#### GIVEN INFORMATION
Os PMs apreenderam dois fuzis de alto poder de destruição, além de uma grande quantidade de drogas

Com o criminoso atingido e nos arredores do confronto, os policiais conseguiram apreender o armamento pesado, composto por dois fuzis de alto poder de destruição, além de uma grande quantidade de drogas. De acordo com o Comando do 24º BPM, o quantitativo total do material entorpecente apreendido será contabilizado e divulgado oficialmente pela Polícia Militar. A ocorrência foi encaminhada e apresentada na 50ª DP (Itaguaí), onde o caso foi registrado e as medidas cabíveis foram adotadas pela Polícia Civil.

--

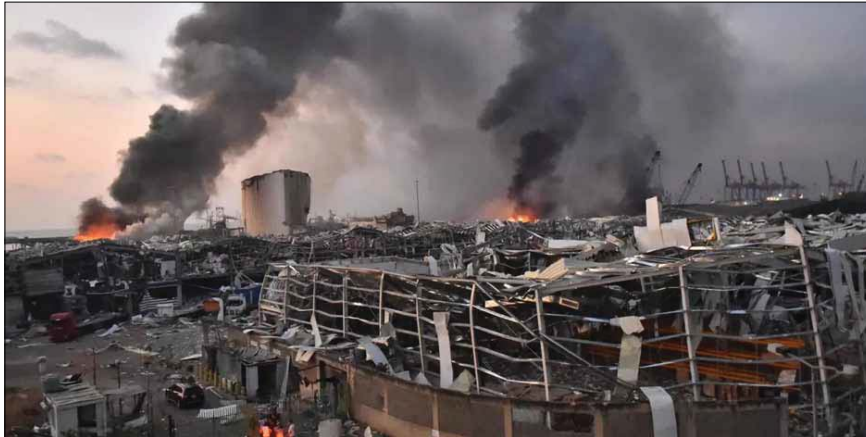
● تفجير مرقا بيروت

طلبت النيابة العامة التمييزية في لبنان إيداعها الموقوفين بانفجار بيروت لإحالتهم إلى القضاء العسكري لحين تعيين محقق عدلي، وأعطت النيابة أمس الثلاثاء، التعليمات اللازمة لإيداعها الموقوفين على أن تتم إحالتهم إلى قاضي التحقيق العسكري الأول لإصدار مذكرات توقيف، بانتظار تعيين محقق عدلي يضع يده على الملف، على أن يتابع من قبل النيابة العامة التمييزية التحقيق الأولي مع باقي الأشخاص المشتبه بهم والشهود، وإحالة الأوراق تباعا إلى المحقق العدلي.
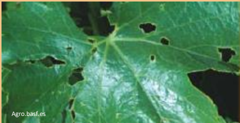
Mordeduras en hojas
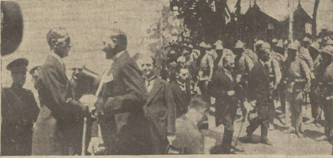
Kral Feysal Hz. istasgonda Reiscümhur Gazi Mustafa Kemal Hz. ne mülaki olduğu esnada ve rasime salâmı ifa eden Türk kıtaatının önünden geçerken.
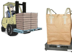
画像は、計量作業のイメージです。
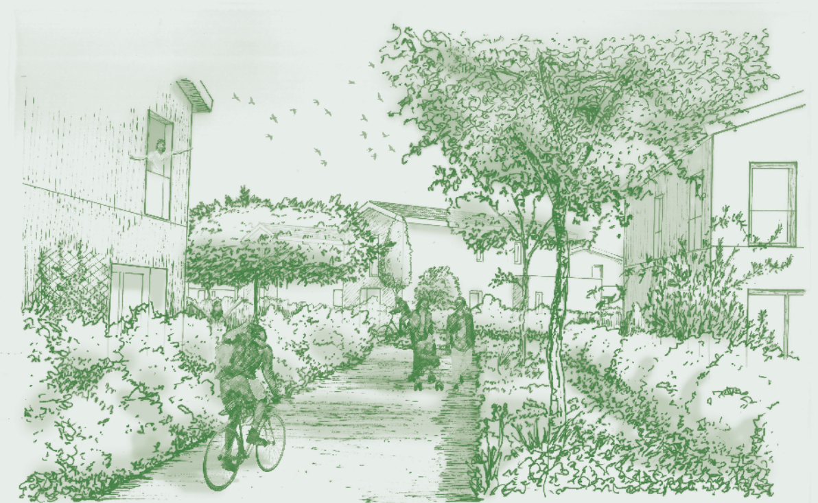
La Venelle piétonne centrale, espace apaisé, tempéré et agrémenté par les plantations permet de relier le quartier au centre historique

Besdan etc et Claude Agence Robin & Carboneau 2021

--

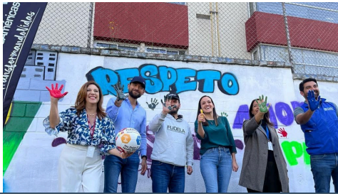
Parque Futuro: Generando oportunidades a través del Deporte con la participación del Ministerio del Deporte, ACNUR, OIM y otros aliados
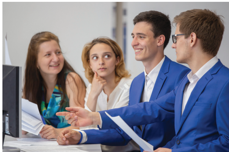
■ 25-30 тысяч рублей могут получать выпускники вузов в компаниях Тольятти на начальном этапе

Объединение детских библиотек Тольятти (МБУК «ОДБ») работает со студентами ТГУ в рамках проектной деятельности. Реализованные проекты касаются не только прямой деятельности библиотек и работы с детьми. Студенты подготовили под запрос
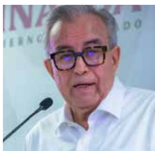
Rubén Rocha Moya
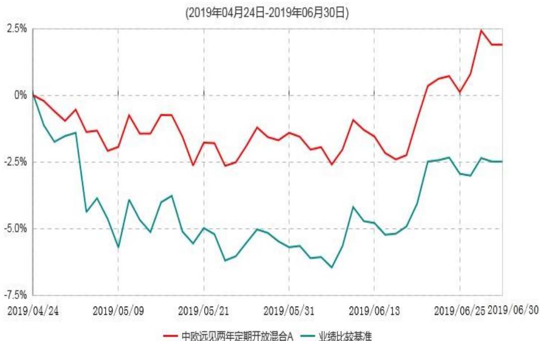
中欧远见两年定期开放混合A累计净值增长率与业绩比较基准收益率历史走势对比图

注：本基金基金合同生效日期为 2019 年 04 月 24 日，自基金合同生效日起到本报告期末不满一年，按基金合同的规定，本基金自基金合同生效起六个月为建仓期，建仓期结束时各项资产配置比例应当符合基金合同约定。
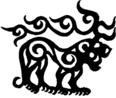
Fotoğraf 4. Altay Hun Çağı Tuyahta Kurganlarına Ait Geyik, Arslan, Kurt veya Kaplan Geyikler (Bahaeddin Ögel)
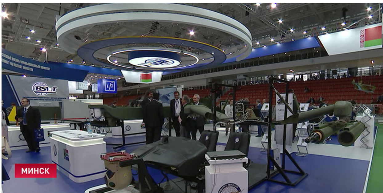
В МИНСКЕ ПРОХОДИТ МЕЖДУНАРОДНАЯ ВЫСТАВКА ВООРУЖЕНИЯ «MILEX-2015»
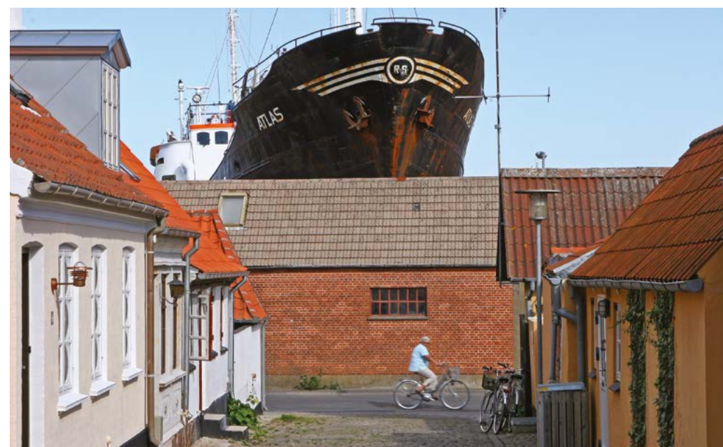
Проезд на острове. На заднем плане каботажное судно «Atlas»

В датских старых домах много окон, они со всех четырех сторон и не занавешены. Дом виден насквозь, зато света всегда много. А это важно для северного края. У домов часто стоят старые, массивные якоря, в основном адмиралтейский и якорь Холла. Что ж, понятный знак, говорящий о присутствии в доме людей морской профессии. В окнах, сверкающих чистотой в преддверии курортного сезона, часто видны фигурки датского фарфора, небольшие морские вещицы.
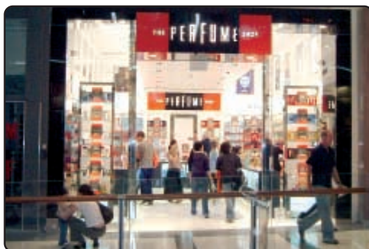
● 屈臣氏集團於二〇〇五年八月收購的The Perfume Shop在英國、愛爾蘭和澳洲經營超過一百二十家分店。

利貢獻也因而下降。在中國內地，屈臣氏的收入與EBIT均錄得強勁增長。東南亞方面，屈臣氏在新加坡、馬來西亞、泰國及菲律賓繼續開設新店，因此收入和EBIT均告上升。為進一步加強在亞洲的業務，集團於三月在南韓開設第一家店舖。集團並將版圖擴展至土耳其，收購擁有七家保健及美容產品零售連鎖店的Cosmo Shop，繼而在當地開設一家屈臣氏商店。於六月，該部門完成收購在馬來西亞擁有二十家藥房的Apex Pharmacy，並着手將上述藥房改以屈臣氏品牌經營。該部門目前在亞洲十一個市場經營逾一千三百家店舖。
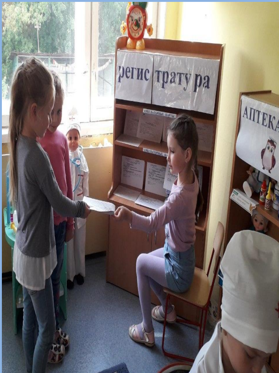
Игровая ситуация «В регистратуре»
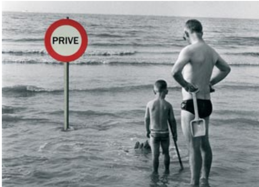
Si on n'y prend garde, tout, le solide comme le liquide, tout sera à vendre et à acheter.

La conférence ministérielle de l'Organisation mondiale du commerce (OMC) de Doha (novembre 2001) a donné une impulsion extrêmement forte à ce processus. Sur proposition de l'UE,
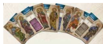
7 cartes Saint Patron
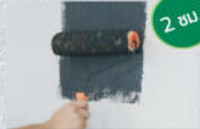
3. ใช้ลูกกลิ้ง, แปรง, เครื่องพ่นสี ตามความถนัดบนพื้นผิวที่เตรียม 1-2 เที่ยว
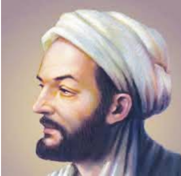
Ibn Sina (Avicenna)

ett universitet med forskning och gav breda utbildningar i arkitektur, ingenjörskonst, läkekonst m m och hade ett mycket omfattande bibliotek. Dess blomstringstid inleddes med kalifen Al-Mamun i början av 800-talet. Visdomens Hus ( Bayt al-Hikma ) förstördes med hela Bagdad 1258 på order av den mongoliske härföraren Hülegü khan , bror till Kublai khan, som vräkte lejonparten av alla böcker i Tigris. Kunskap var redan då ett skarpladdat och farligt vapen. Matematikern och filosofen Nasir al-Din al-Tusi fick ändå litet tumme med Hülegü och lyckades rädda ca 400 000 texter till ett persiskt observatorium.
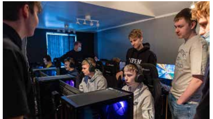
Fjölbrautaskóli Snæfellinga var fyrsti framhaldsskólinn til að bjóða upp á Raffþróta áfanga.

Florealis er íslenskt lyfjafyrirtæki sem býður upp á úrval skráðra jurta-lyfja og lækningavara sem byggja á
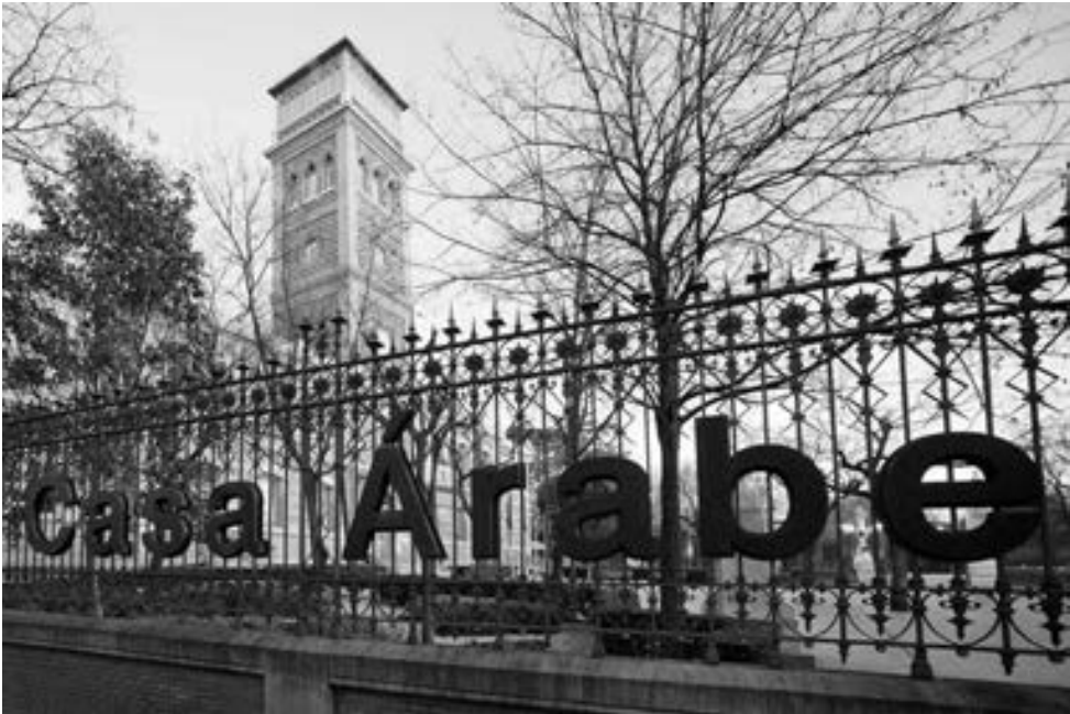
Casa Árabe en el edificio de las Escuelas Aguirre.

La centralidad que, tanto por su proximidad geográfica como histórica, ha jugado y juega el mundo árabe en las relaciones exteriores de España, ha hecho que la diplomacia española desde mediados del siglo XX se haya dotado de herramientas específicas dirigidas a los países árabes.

#### REQUIREMENT
Looking at the data above, show all lines where the word "Тольятти" occurs.

#### SOLUTION
■ 25-30 тысяч рублей могут получать выпускники вузов в компаниях Тольятти на начальном этапе
Объединение детских библиотек Тольятти (МБУК «ОДБ») работает со студентами ТГУ в рамках проектной деятельности. Реализованные проекты касаются не только прямой деятельности библиотек и работы с детьми. Студенты подготовили под запрос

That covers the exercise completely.